False positives are much more prominent on a map relative to false negatives, here we focus on introducing those artificially, keeping the false negative rate at 0/constant.
It’s actually a surprisingly complex inverse problem to generate these but also satisfy the constraint of having to have approximately equal f1/IoU. Try it out for yourself!
Great post. A few points I'd make to echo what you wrote, but also to add some nuance from my industry. The first is I like to say that statistics is primarily for understanding data, not, as it's often used, to prove (infer, really) cause and effect. It's about understanding relationships between variables. This, to me, is foundationally important for data science, generally, and I've used Anscombe’s quartet as an example to demonstrate it. There is clearly a better model to be used in some of the cases than simple linear regression, and plotting the data is enough to tell you that (or that there is a problem with the data). Just throwing models at a problem without visually exploring it first can potentially be a waste of time and prone to error. It can also demonstrate when multi-collinearity might be a problem. Quickly plot all your regressors and when you see that many have a correlation with each other and the variable of interest it immediately makes you start to explore what the relationships among variables are with each other, which might be the best, which might have added information, biased, etc. And this sort of visual to explanatory inference is still something that humans do better than machines, if they know enough to do it in the first place.

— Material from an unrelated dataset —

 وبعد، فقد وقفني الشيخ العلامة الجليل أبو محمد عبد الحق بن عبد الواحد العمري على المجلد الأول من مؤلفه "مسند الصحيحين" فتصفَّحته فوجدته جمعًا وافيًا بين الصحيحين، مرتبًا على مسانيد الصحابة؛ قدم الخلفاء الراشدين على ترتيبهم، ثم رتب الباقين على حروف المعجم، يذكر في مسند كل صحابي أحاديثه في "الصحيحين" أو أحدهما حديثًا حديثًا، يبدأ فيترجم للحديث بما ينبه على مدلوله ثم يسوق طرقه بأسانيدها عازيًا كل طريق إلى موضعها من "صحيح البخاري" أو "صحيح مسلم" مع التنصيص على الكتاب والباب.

With that said, my reasoning falls apart with some modern analyses. It's much harder to explore variables when you have hundreds of them. Relationships between variables don't necessarily have to be visibly obvious to humans, and machines can disentangle them, given enough data to do so. The challenge is machine learning approaches are prone to becoming black boxes, so on the whole I still think starting with simpler models and data exploration is the best approach to avoiding overfitting, especially in the case of scenarios where proper cross-validation is not available. This is not uncommon in geology, where datasets are often small, biased, and messy, and where subjective interpretation really needs to play a role. I think the state-of-the-art in geology right now often is overfit models with poor predictive power, especially outside of a small area of interest. And there's a lot more I could write on that, but this reply is already way too long. Maybe it will inspire me to do a follow-up for geology!